*** Exercise data Section Begins ***
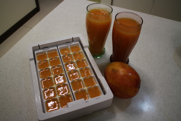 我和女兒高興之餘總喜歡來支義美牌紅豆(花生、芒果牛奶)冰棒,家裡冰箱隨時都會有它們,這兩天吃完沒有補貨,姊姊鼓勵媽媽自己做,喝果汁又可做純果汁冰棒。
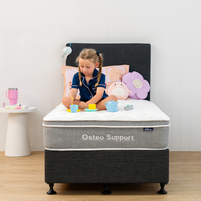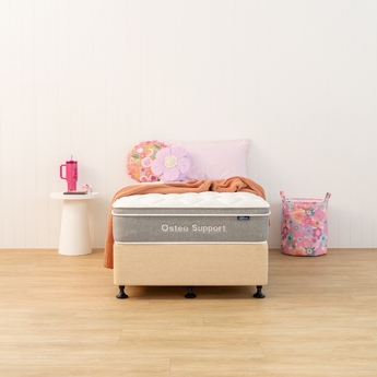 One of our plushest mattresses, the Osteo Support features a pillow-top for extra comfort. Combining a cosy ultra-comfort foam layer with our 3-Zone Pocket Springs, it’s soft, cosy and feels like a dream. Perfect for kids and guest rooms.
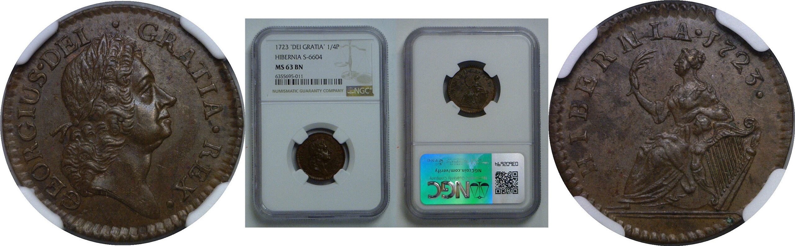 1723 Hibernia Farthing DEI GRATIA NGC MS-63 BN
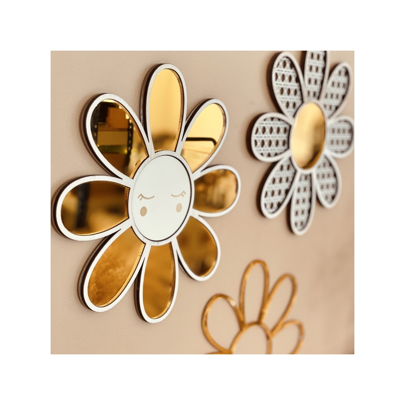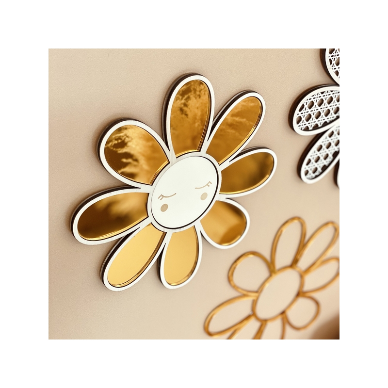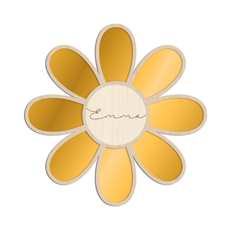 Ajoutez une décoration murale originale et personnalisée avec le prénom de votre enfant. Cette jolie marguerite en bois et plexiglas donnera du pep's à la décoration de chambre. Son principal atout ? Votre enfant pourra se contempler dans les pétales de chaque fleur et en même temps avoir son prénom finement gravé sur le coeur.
*** Exercise data Section Ends ***
Directions for this task
Could the listing above be transcribed exactly, with the pictures left out?

Result
 我和女兒高興之餘總喜歡來支義美牌紅豆(花生、芒果牛奶)冰棒,家裡冰箱隨時都會有它們,這兩天吃完沒有補貨,姊姊鼓勵媽媽自己做,喝果汁又可做純果汁冰棒。
 One of our plushest mattresses, the Osteo Support features a pillow-top for extra comfort. Combining a cosy ultra-comfort foam layer with our 3-Zone Pocket Springs, it’s soft, cosy and feels like a dream. Perfect for kids and guest rooms.
 1723 Hibernia Farthing DEI GRATIA NGC MS-63 BN
 Ajoutez une décoration murale originale et personnalisée avec le prénom de votre enfant. Cette jolie marguerite en bois et plexiglas donnera du pep's à la décoration de chambre. Son principal atout ? Votre enfant pourra se contempler dans les pétales de chaque fleur et en même temps avoir son prénom finement gravé sur le coeur.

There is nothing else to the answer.